Отсюда, с оставленной, восточной башенки над новой оградой (деревянная обшивка опор, по ним белые плети хмеля, лето там – жаркое-жаркое, сухое и пыльное), Саайре будет смотреть (пяти лет еще не пройдет, там лето): что все-таки остановились – у ворот, невысоких – что там преодолевать? - чужие, незваные, вооруженные гости. Только смотреть… И не приглядываться ближе, из нелепой мысли, что если ты его не видишь – и те не заметят, второго, Аиля – кто тоже на этой вышке, его и эту… его оружие. «Ее называют «Крошка», - есть тогда в памяти. Как говорил это Аиль. – Потому что носить легко… относительно». Тогда угроза казалась еще далекой. И там, на башне, все равно кажется. Нелепой. Как поднимается Аиль, и ступеньки прогибаются под ним, как наклоняется, напряженным и привычным движением – смотрит мимо, поверх перил – растягивает вьюк, собрать помочь не просит, выпрямляется… Взгляд цепляется, первая мысль – дурацкая, тяжелая, в голове сидит долго – ну, труба же. Водопроводная, мелкого развода, с заглушкой непонятной. Ну, покрашена – в лесной защитный, вот это, посередине – сойдет – за распределительный фильтр, ремень зачем… Голова не хочет понимать: прицел, спусковое устройство… оружие. Местный малый штурмовой. А как понимает – вталкивает, в свое, дурацкое, перед башней: «Я не умею», - и серьезный Аиль: «Уметь нечего. Молчи – и подавай». А пока – молчать и смотреть, как привычно и страшно, равно – как очень напряженно замерли руки, как тесно этой штуке на верху башенки – чуть-чуть – и снесет столбик… И как изнутри, на светлом резном дереве заметна – и эта штука, и край куртки, дурацкой формы «национальной освободительной», густо-зеленая, заметная. Через листву наверно не так… Но это тоже было: «Неудобная штука: демаскирует быстро». А громче всех - голос в памяти, цепляется одно за другое: «Я сбежал. Вас защищать. Вы меня учили, я знаю, что вы… хорошие», - и смеется получившемуся детскому. (Странно понимать было потом, что Аиль на пару лет старше). И он же: «Жаль, у «Крошки» мало, слишком мало зарядов».

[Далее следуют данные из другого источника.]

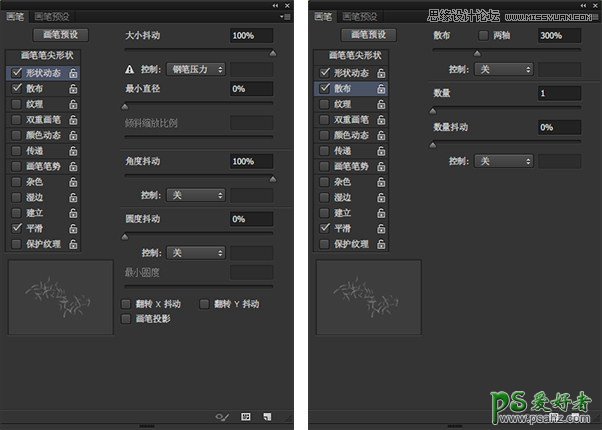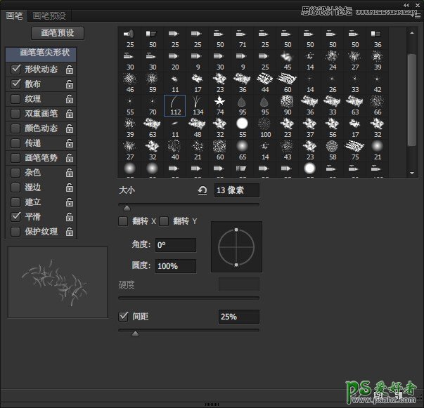 形状现在是有了,接下来我们来为它填充纹理,在这里需要的就是调整画笔工具,首先选择画笔工具,然后按F5打开画笔调整工具,按照下图进行调整。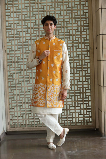 Work: Hand embroidered resham cutdana work Color: Yellow Fabric: Raw Silk Neck: Stand Collar Kurta...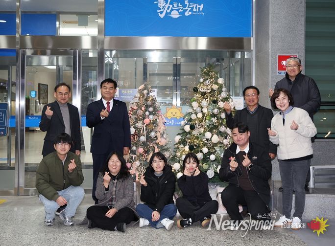 뉴스펀치 김길룡 기자 | 동해시청 선교회가 매년 12월 성탄절을 앞두고 동해시청과 동해시의회에 크리스마스트리를 설치해 시민들에게 따뜻한 감동을 전하고 있다.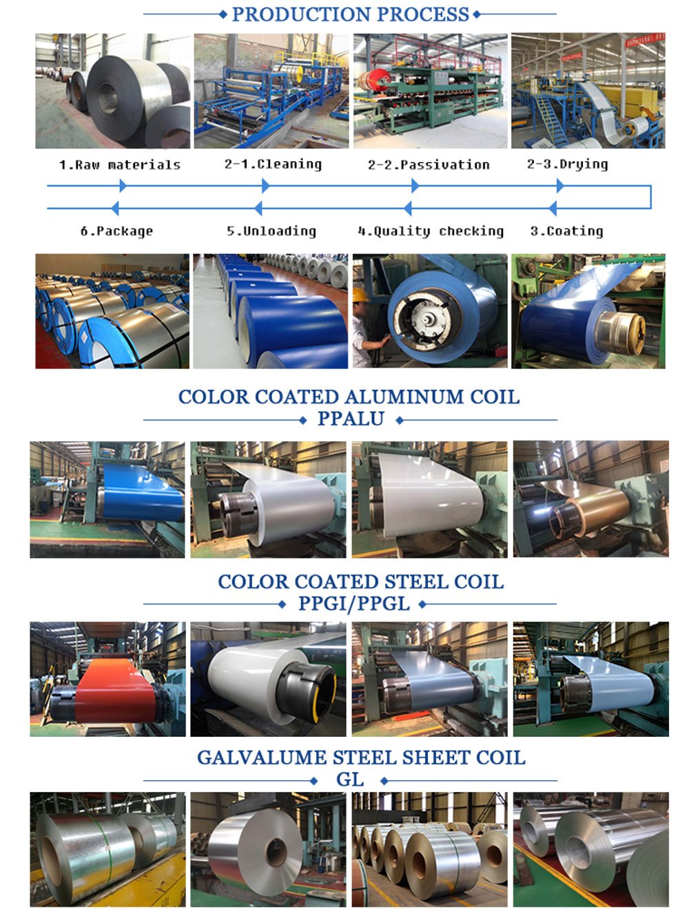 Production Process: Uncoiling-degreasing-washing-passivation-drying-cooling-painting-drying and curing-cooling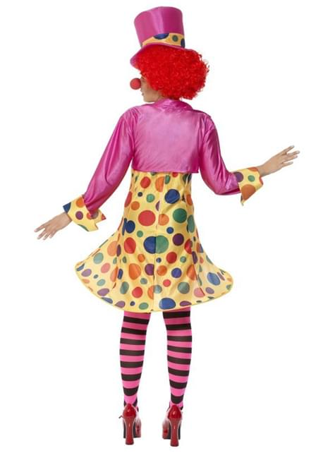 Includes a yellow polka dot dress, pink jacket, bow tie, pink and black striped stockings and a tall hat.

Но потом об этом. Потом - и про одинаково ровный голос, что тогда, на башне, звучит равно для двоих – что говорит Льеанн: "Если... я все-таки свалюсь – Са-ай, ты услышишь... наверно, начинайте стрелять. Я не знаю, чем их еще останавливать". О бесконечной тишине, пока то, что у ворот - стоит. ("Они... стоят?" - позволяет себе выдохнуть и Аиль) - и как медленно, по одному, по капле - течет назад толпа…
Сейчас лучше про светлый, на всю территорию, зеленый, цветной, пахучий - как сам вымахал, разнотравьем, сад. Насколько "сам" – Саайре видел. Не видел - работал. Убитую, серую, не землю, не покрытие, месиво – прочь. По камешку и досточке мостков - дорожки, чтоб текли, как хотят сами; аккуратно - привезенную, густую, плодородную землю, под ростки, знакомить - так Льеанн и говорит - с местной землей. С первых дней той осени: если не знаешь, где найти теи-лехта Ллеаннэйр - ищи в саду.
...Но получается, что сразу в памяти - голос, звонкий, его много. Сразу понятно, почему его обладательницу – кудрявую, огненно-рыжую, в зеленой форме медика, - все зовут легким и очень детским именем Нин-Найр - звоночек, бубенец, теряя и взрослое имя и статус лехта с именем и служением – теи-лехта lierh-aef Мэргэннаран эс Хэрмэн айе Сьонтаха. Потому что стоило ей приехать на Пустоши - было ее много где, как одновременно, а слышно еще больше. А тогда первый раз, Саайре принес очередное ведро черной земли, сытной, смотрит, что там лехта Льеанн ну как смешивает - у спуска на родники: "Ваши... водянки расти будут": также - тщательно, бережно - что хлеб... Голос появляется первым, сверху, звонкий, незнакомый, далеко слышно:
- А-айе! - и в овраг вихрем слетает незнакомка, привычная форма медика, но не по форме - по плечам россыпью рыжие кудри. А еще у нее веснушки. И улыбка - ну, в овраге светлеет. - Утро, мама! Вот, еле выскреблась, в отпуск - да на целый круг дежурств: вам помогать... У, дебри тут какие! И ведь уже на второй большой круг пошло, как бегаю, тебя тут ищу - никто не знает! А ты вон где закопалась.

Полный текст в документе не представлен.